USW researcher Dr Emma Hayhurst wins £50,000 prize to develop urinary tract infection test

Dr Emma Hayhurst

Dr Emma Hayhurst is among 39 to be honoured in the Women in Innovation awards to mark International Women’s Day on 8 March

A scientist at the University of South Wales (USW) who helped to make a rapid test for Covid-19 has received £50,000 in funding to further develop the same technology to better diagnose one of the world’s most common infections.

Dr Emma Hayhurst, a Senior Lecturer in Molecular Biology in USW’s School of Applied Sciences, has received the funding from Innovate UK’s Women in Innovation Awards to help with additional development of a rapid test which will speed up the diagnosis of urinary tract infections (UTIs). 

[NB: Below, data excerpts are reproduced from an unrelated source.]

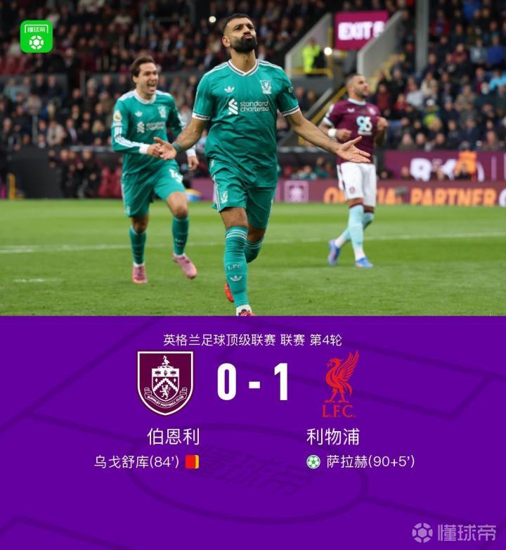 9月14日,英格兰足球顶级联赛第4轮,伯恩利坐镇主场迎战利物浦。上半场,乌戈舒库放铲麦卡利斯特染黄,凯尔凯兹假摔染黄后被换下,埃基蒂克造险;下半场,乌戈舒库因对维尔茨犯规领到第二张黄牌被罚下场。补时第5分钟,弗林蓬制造点球,萨拉赫主罚点球命中完成绝杀。最终利物浦1-0客胜伯恩利,豪取英超四连胜。
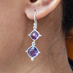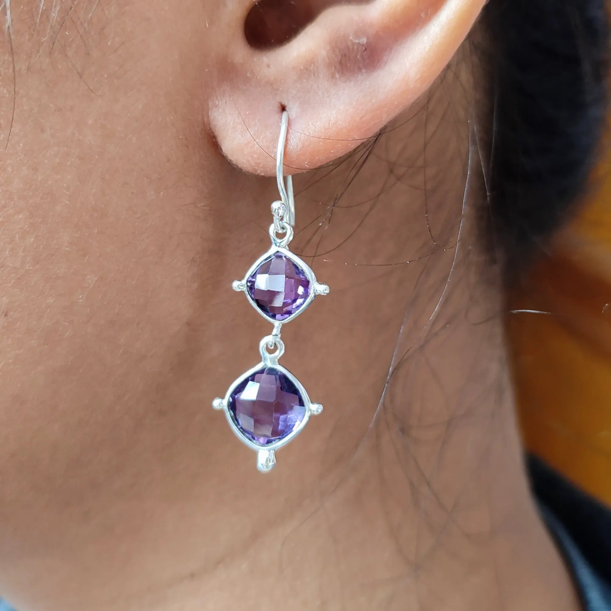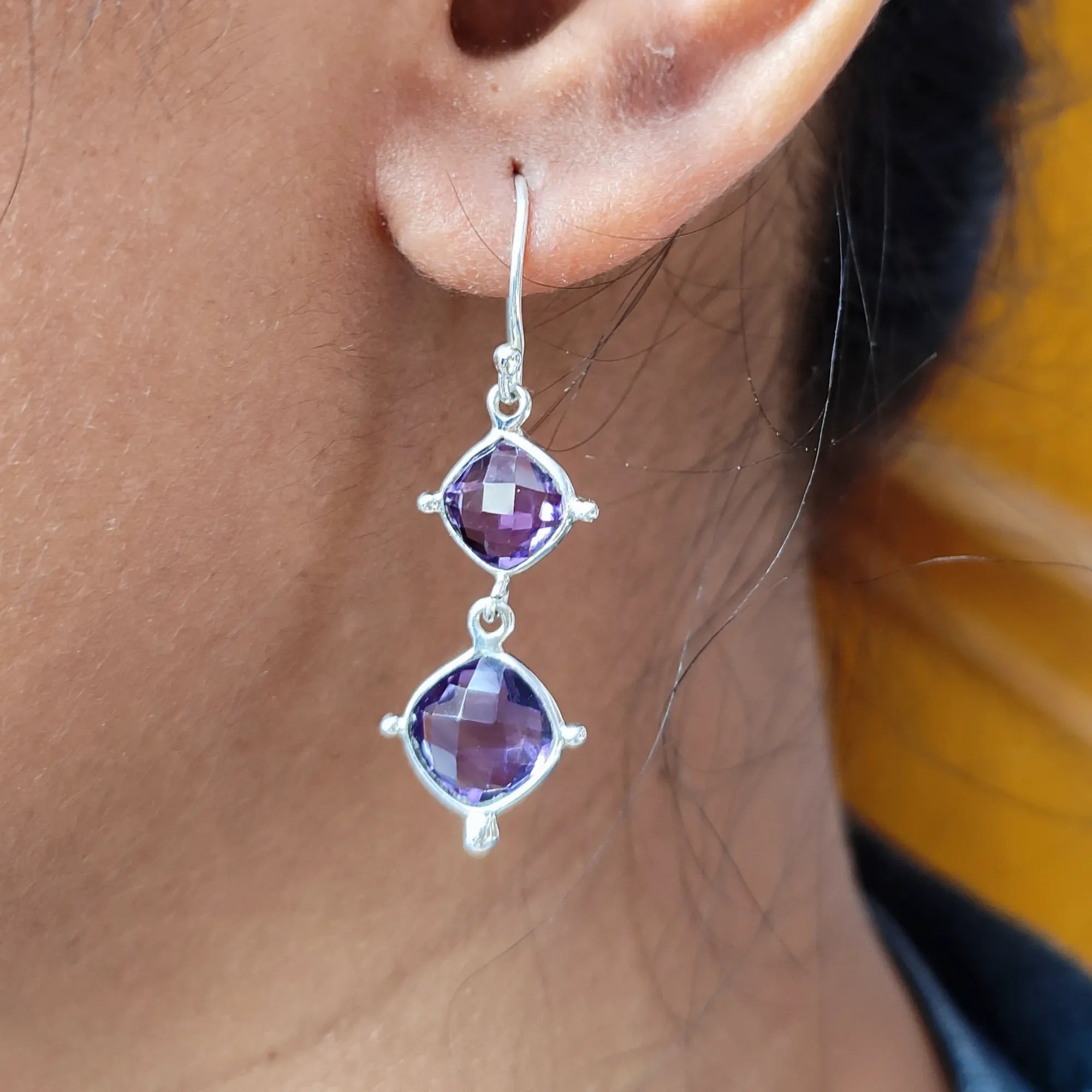 Amethyst Dangle Earrings, 925 Sterling Silver Handmade Earrings, Natural Purple Gemstone Cushion Briolette Earrings, Gift for Her
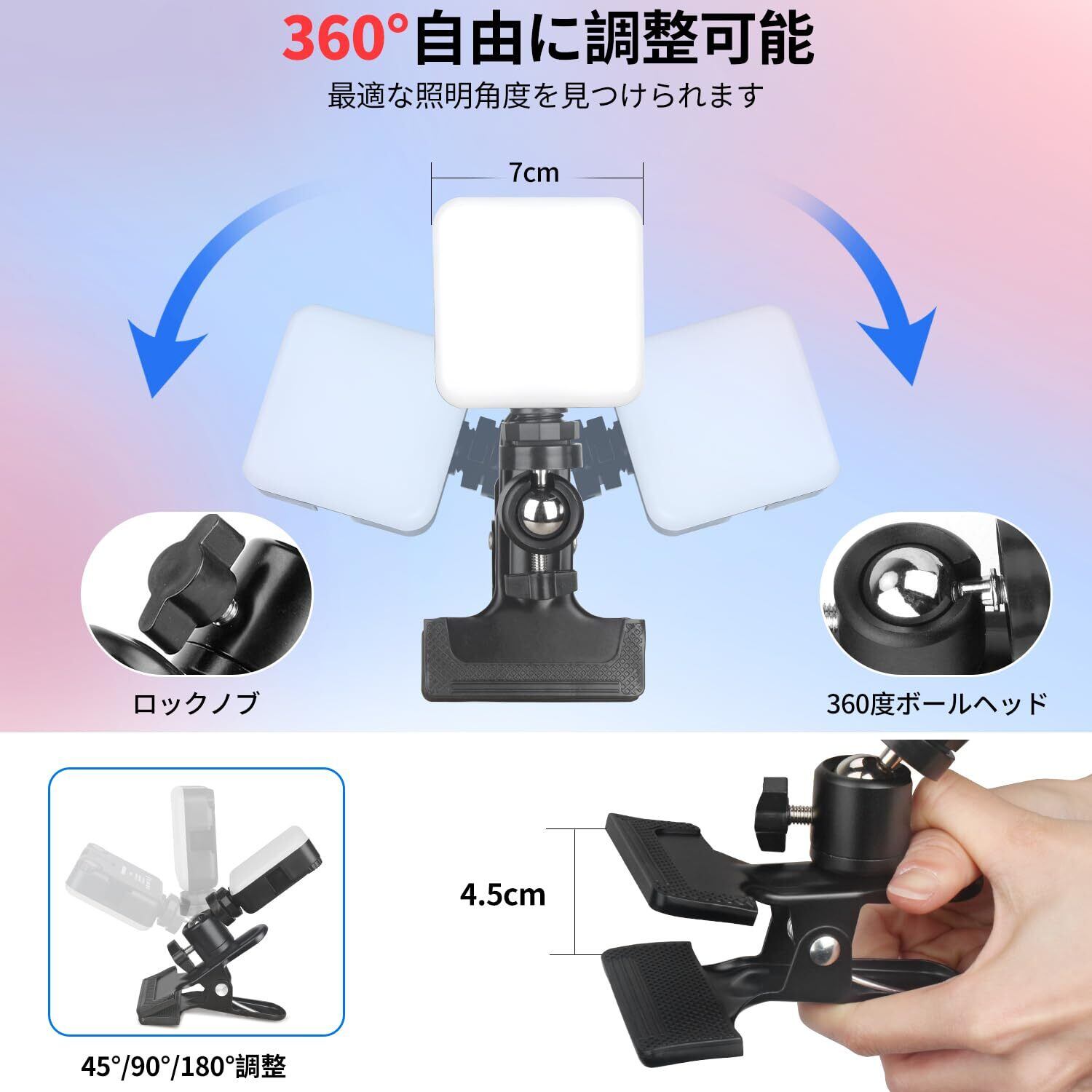 【お買い上げ日より24ヶ月品質・どこにでも挟める新型撮影照明】「1」撮影照明ライトの明るさは自由に調整可能、それに明るさを強化して最大1000Luxに達し、明るさに厳しい環境やより多いな撮影補助照明に対応可能です。ビデオライトとして旅行記録、人生記録、食物、写真撮影などに適用します。「2」撮影ライトの色温度は9000Kに達し、お肌を綺麗で白く見えて、生放送や美顔ライトとして人気です。「3」リップ式雲台付き、ビデオライトを360度までに自由に調整可能の上にどこにでも挟めることができます。YouTubeビデオ、自撮り、生放送、TikTok 映画製作用、在宅勤務、Web会議などに適用できます。美顔ライトも撮影ライトもオススメ、明るいままなので普通に懐中電灯としても使えます。
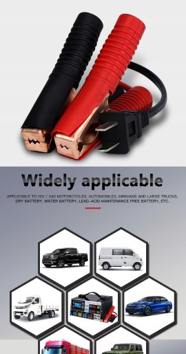 Nadaje się do motocykli 12V 24V (6Ah-200Ah), samochodów, minivanów, sprzętu rolniczego, suchych akumulatorów, akumulatorów wodnych, bezobsługowych akumulatorów kwasowo-ołowiowych, AGM start-stop, akumulatorów żelowych (nie nadaje się do akumulatorów litowych).
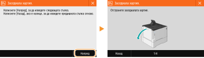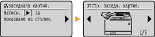 В някои случаи, когато възникне грешка, се извеждат инструкции как да се реагира при тази грешка. Следвайте инструкциите на екрана, за да отстраните проблема. Екранът, който се извежда при засядане на хартия, е показан по-долу като пример.
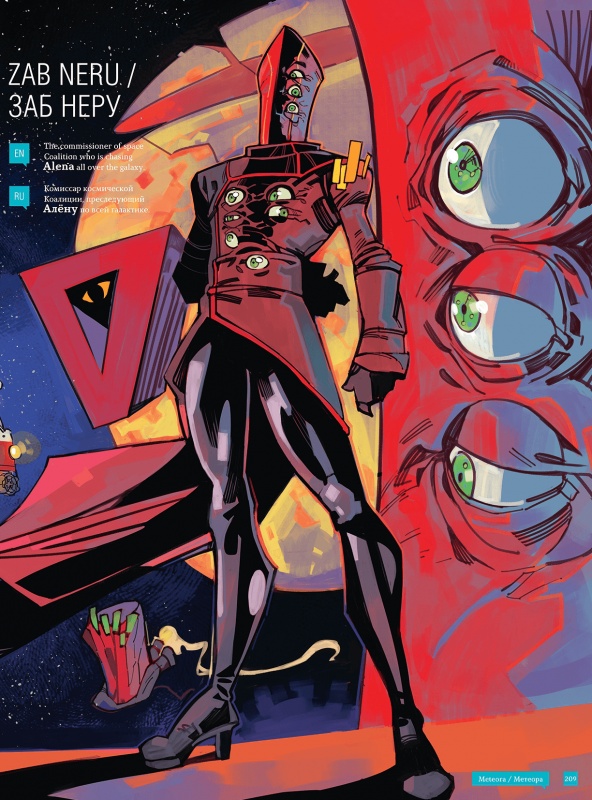 Заб носит тёмный костюм с нашивкой Союза справедливости и порядка на правом плече, перчатки и туфли на каблуках. Считает Землю и живущих на ней людей отсталой цивилизацией с населением в виде полуразумных дикарей, на Алёну Кузнецову всегда смотрит с подозрением и недоверием, а также с толикой презрения.
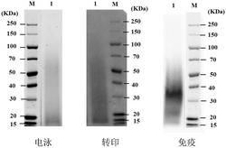8)转印:裁剪一张尺寸大于凝胶的PVDF膜,一角做标记,用甲醇浸泡0.5‑1.5 min进行活化处理后,将膜与海绵片、滤纸一起放在转印缓冲液中浸泡20‑40 min,而后按照“海绵片—滤纸—凝胶—PVDF膜—滤纸—海绵片”的顺序,搭建转印“三明治”,并将其放入转移装置中,倒入转印缓冲液后,在冰浴条件下200 ‑300 mA恒流转印1.5‑2 h,转印完成后,将膜取出,放入化学发光仪中观察转印情况;
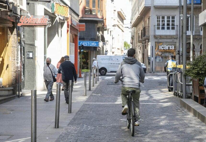 O percorrido ciclista pola rúa Nova, ata o cruzamento con San Andrés, estará delimitado sobre o propio pavimento de adoquín, coa correspondente sinalización horizontal.
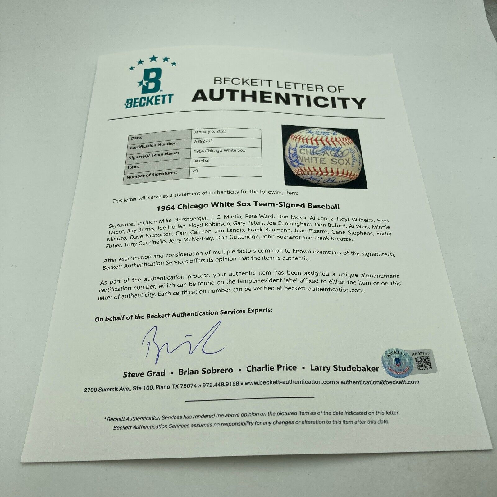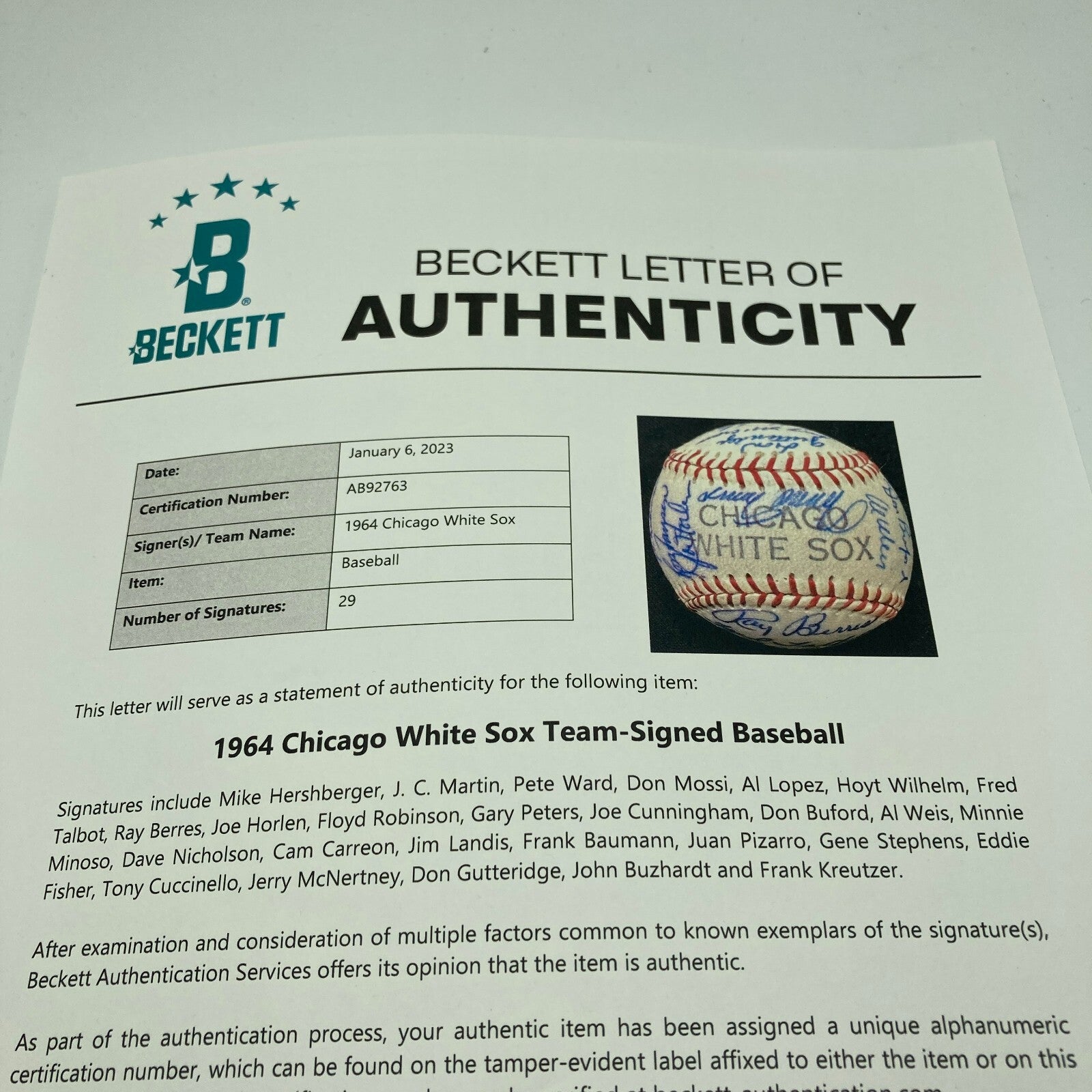 Click or scroll to zoom Tap or pinch to zoom Click or scroll to zoom Tap or pinch to zoom Click or scroll to zoom Tap or pinch to zoom Click or scroll to zoom Tap or pinch to zoom Click or scroll to zoom Tap or pinch to zoom Click or scroll to zoom Tap or pinch to zoom Click or scroll to zoom Tap or pinch to zoom Click or scroll to zoom Tap or pinch to zoom Beautiful 1964 Chicago White Sox Team Signed Baseball Beckett COA $299.00 1 2 3 4 5 6 7 8 9 10+ Quantity Quantity Add to cart This item is a recurring or deferred purchase. By continuing, I agree to the cancellation policy and authorize you to charge my payment method at the prices, frequency and dates listed on this page until my order is fulfilled or I cancel, if permitted. 1964 Chicago White Sox Team Signed Baseball including Minnie Minoso and Hoyt Wilhelm. Accompanied by a full Beckett Letter of Authenticity. D#100

Dr Hayhurst was one of the founders of USW spin-out company Llusern Scientific - alongside USW research colleagues Dr Jeroen Nieuwland and Dr Ali Roula. The team, who had already been researching the use of LAMP testing to detect UTIs, was able to apply their research for use as a speedy Covid-19 diagnosis device within weeks of the pandemic starting. It uses a simple nasal swab to test a patient for Covid, and is able to work without the need for laboratory processing.

Having been given the Women in Innovation Awards funding, Dr Hayhurst will be using it to focus on improving the diagnosis of UTIs. 

More than 90% of UTI sufferers are women

“UTIs are the most common infection globally - more than 90% of sufferers are women - and the risk of suffering from UTI increases with age,” Dr Hayhurst said.

“Even an ‘uncomplicated’ UTI can cause severe pain and discomfort, and UTIs can also be fatal if not properly diagnosed and treated. More than 5,000 people die from a UTI every year in England and Wales.

“Because UTI diagnosis has been overlooked for so long, treatments are often given on the basis of vague or inaccurate diagnostic tools, which means that many of the millions and millions of antibiotics prescribed to treat UTIs are unnecessary or inappropriate. This contributes to the spread of antibiotic resistance.


“The Llusern test would quickly detect which bacteria is causing a UTI, allowing better treatment decisions to be made.  It is portable, affordable, gives a result in 30 minutes and easy to use – users would need less than one hour’s training to be able to carry out a diagnostic test, which would give a simple positive or negative result.”

"Our UTI test has the potential to be transformative for UTI diagnosis – reducing the associated illnesses and deaths and resulting in more tailored, appropriate antibiotic prescriptions."

The funding from the Women in Innovation Awards will also allow Dr Hayhurst to further pursue her ambition of increasing female representation within the STEM (Science, Technology, Engineering and Maths) disciplines, and address health inequalities.  

“I have worked on equality, diversity, and inclusion issues in STEM for many years and would love the opportunity to become a role model for innovation,” Dr Hayhurst said.

“I firmly believe that the more diversity we have in our workforce, the more innovative solutions we will come up with, and the better chance we all have of building a sustainable future.

“The further development of the LAMP test will strengthen Llusern’s core purpose, which is to address inequalities in healthcare by overcoming barriers to accurate diagnostics and giving everyone the chance to be diagnosed properly at point-of-care.”

Dr Hayhurst’s funding is from Innovate UK, a part of UK Research and Innovation, which has provided 40 Women in Innovation Awards to female entrepreneurs across the UK. The awards are now in their fourth year and are open to female founders, co-founders or senior decision-makers working in businesses that have been operating for at least a year.